### DATA FOR ANALYSIS:
>>>>>

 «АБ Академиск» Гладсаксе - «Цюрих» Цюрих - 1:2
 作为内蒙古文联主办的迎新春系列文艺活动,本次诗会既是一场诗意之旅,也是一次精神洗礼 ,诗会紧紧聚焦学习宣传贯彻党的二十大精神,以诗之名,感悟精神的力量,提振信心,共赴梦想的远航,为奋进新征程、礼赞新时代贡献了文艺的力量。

<<<<<
>>>>>

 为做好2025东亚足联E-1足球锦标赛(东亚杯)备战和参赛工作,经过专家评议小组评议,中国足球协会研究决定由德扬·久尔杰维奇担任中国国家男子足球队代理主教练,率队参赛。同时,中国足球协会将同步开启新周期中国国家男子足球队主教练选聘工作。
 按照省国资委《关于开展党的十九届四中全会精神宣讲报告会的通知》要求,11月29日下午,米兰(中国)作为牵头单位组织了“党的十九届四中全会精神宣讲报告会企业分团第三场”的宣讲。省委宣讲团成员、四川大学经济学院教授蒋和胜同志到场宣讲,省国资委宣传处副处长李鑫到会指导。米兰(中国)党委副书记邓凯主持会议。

<<<<<

### YOUR GOAL:
Could you return exactly the stretch of the data above that starts at the line with "为做好2025东亚足联E-1" and ends at the line with "按照省国资委《关于开展党的十", both lines included?

### EXERCISE SOLUTION:
 为做好2025东亚足联E-1足球锦标赛(东亚杯)备战和参赛工作,经过专家评议小组评议,中国足球协会研究决定由德扬·久尔杰维奇担任中国国家男子足球队代理主教练,率队参赛。同时,中国足球协会将同步开启新周期中国国家男子足球队主教练选聘工作。
 按照省国资委《关于开展党的十九届四中全会精神宣讲报告会的通知》要求,11月29日下午,米兰(中国)作为牵头单位组织了“党的十九届四中全会精神宣讲报告会企业分团第三场”的宣讲。省委宣讲团成员、四川大学经济学院教授蒋和胜同志到场宣讲,省国资委宣传处副处长李鑫到会指导。米兰(中国)党委副书记邓凯主持会议。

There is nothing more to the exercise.